Если при открытии обработки на 8.2 видите пустую форму, значит открываете ее в режиме управляемого приложения.
Попробуйте открыть в обычном режиме в толстом клиенте.

Пример работы с обработкой можно посмотреть тут: Загрузка прайс-листа с картинками в 1С

----------


## aklimkin

Привет, случилась и у меня такая же ерунда.
{ВнешняяОбработка.Загрузка ДанныхИзТабличногоДокумен та.МодульОбъекта(1984)}: Поле объекта не обнаружено (ЭлементыФормы)
и все также как описано выше.
Сделал просто - при ошибке вышел в конфигуратор по ней, закомментировал все что выводило на ошибку, после чего обработка задышала.
Запустил ее, затем снова раскомментировал все - и она так и шла дальше нормально. Короче явная недоработка чья-то. Видимо или ссылки где-то не соответствуют(может файл перемещен был екселевский) - непонятно, но проблему решил таким путем.
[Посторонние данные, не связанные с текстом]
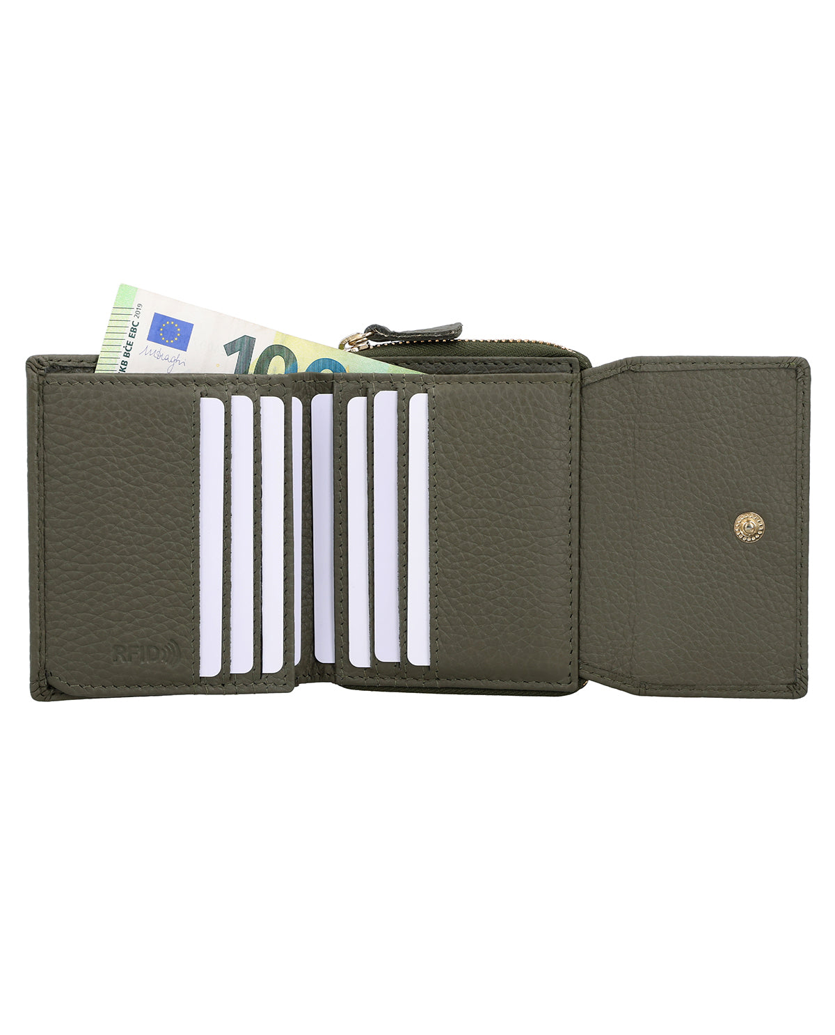 Du suchst nach einem funktionalen, kompakten und schicken Geldbeutel, der in jede Tasche passt? Mit vielen Unterteilungen und extra Sichtfenster kommt unsere "Brigitta" daher! In angesagter Optik sieht "Brigitta" nicht nur überaus stylisch aus, sondern vereint auch noch Funktionalität und Stilsicherheit! Zusätzlich ist „Brigitta“ mit einem RFID-Schutz ausgestattet, der es Unbefugten deutlich erschwert, Deine Kartendaten kontaktlos auszulesen – für mehr Sicherheit im Alltag.

А иначе мучался - частенько обработка переставала работать, ... такая.

----------


## alex_boy

Где сказать загрузку по УТ11

----------


## AleksSF

На диске ИТС

----------


## alex_boy

Смотрю ИТС апрель 2012. Там есть под УТ 10.3.

----------


## AleksSF

Она универсальная не привязана к конфигурации

----------


## alex_boy

Согласен, но для УТ 11. Там тонкий клиент..

----------


## bvn_kam

Прежде чем постить дай да дай, внимательнее читайте посты, такая тема уже пробегала, ссылка на скачку валяется там же!

----------